*Your objective*: Only the line containing "- 貴重 40s ユーロ" and the lines after it, through the end of the data below, are to be returned, each exactly as it stands.

*Information provided*:
****************************************
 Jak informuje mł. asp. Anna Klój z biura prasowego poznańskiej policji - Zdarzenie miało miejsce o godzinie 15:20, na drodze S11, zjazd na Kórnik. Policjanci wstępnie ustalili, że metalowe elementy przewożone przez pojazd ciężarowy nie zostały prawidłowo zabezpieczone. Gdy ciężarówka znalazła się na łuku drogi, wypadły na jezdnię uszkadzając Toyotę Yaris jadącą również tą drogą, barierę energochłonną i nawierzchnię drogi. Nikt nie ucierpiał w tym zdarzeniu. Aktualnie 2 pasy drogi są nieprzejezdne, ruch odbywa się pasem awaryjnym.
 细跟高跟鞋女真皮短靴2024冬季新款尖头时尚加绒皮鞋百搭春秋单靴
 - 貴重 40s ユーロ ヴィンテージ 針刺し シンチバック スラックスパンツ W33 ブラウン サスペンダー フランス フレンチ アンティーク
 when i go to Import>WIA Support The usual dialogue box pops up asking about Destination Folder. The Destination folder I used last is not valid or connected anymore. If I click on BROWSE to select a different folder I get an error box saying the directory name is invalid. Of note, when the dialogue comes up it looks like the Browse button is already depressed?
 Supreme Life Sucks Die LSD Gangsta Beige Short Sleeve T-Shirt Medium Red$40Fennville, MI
****************************************
*Your response*:
 - 貴重 40s ユーロ ヴィンテージ 針刺し シンチバック スラックスパンツ W33 ブラウン サスペンダー フランス フレンチ アンティーク
 when i go to Import>WIA Support The usual dialogue box pops up asking about Destination Folder. The Destination folder I used last is not valid or connected anymore. If I click on BROWSE to select a different folder I get an error box saying the directory name is invalid. Of note, when the dialogue comes up it looks like the Browse button is already depressed?
 Supreme Life Sucks Die LSD Gangsta Beige Short Sleeve T-Shirt Medium Red$40Fennville, MI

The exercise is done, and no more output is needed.